Consignez la durée de la restauration et toutes les étapes manuelles requises. Si la récupération dépend d’un développeur se souvenant d’un mot de passe de base de données, d’une séquence DNS et d’une commande shell vieille de cinq ans, ce n’est pas un plan. C’est un artefact folklorique.

Documentez les exceptions et révisez la politique

Votre politique de rétention devrait tenir sur une page et répondre à quelques questions directes : qu’est-ce qui est sauvegardé, à quelle fréquence, où les copies sont stockées, combien de temps chaque copie est conservée, qui peut demander une restauration et comment les tests de restauration sont documentés. Indiquez également les systèmes qui ne sont pas inclus, afin que personne ne suppose qu’une sauvegarde couvre un service tiers auquel elle ne peut pas accéder.

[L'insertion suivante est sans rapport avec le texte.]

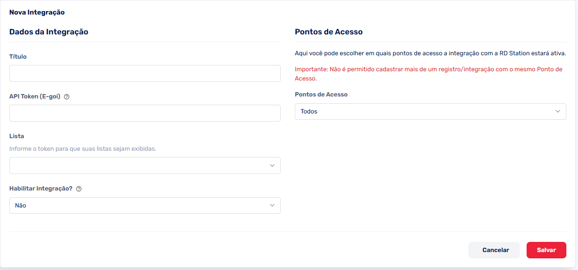 Pontos de Acesso: Em quais pontos de acesso estará ativa a integração com o E-goi.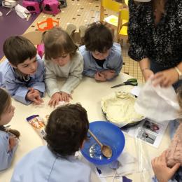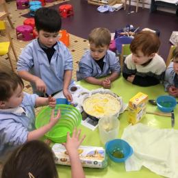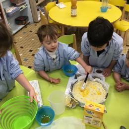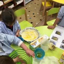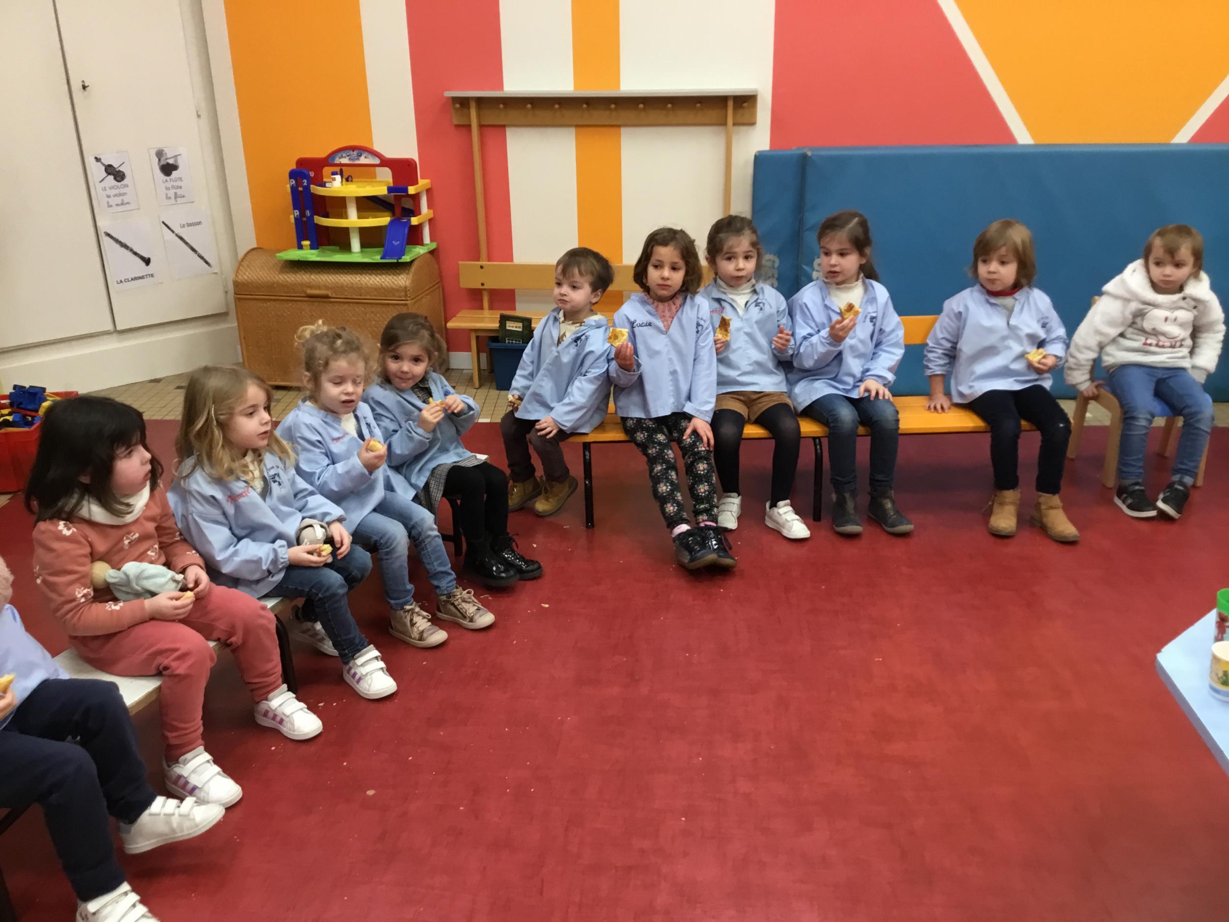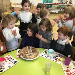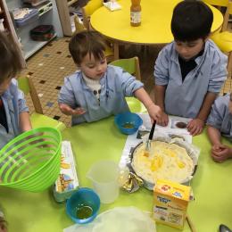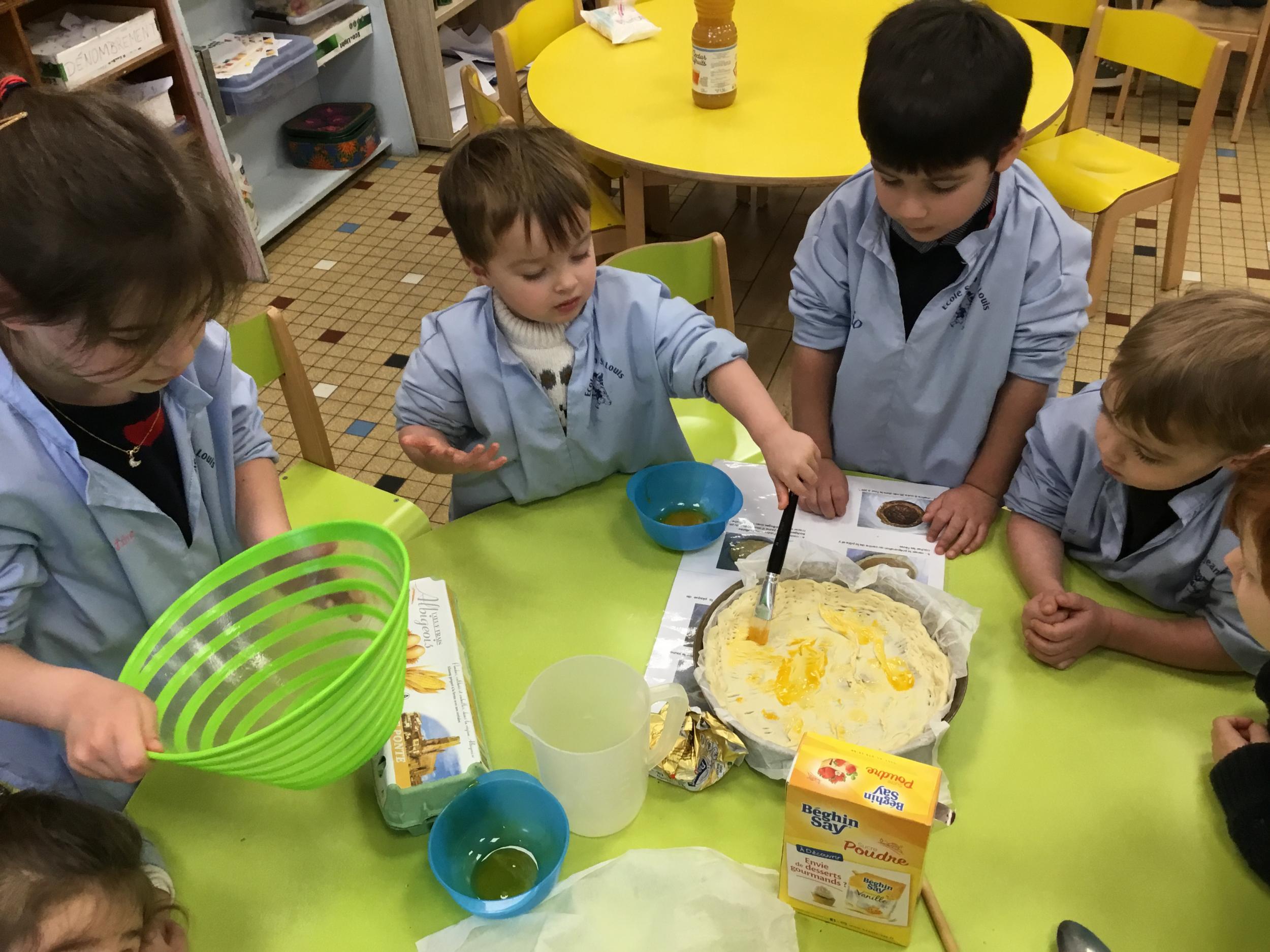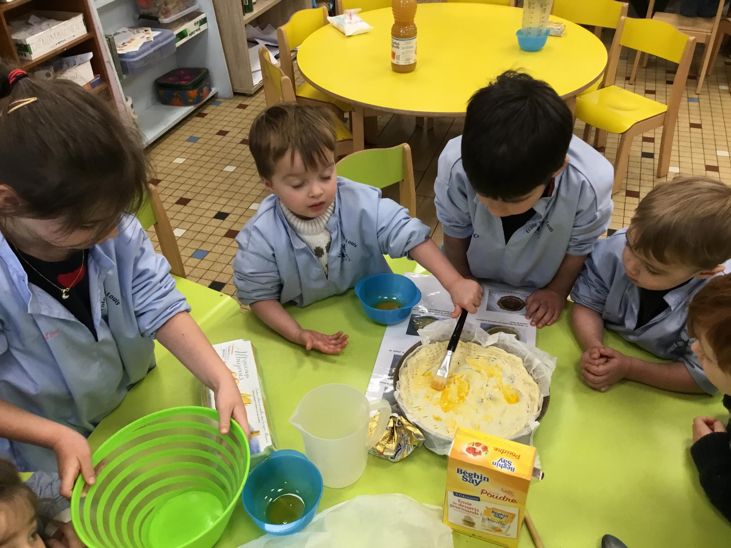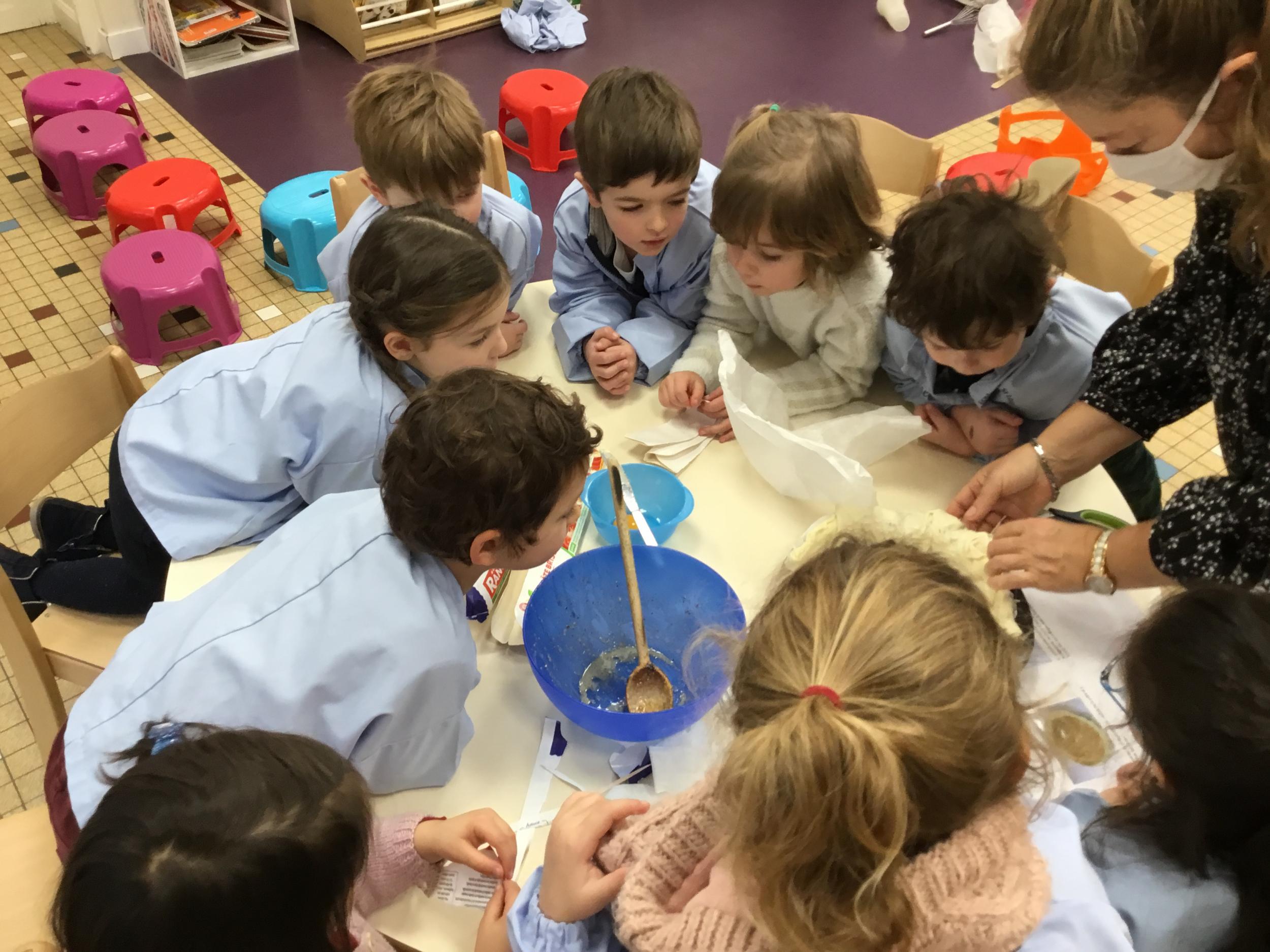 Petite et moyenne section 14/01/2022 Nous avons confectionné des galettes en vue de fêter les anniversaires de Lucie Paul et Inès Jeudi 13 Janvier. Nous nous sommes bien régalés le lendemain.

Révisez la politique après un changement majeur du site, une nouvelle exigence de conformité, une croissance du trafic ou un incident de récupération. Des sauvegardes plus fréquentes peuvent devenir nécessaires à mesure qu’une boutique en ligne se développe. À l’inverse, stocker des sauvegardes quotidiennes sur plusieurs années pour un site qui change peu peut représenter un coût sans protection utile.

Définissez la politique de rétention autour du moment où vous en aurez le plus besoin : un déploiement précipité un vendredi, une mise à jour d’extension malveillante ou un problème de disque à la mauvaise heure. Des points de restauration clairs, une copie indépendante et un processus testé donnent à votre équipe quelque chose de mieux que la confiance. Ils vous donnent une prochaine étape praticable.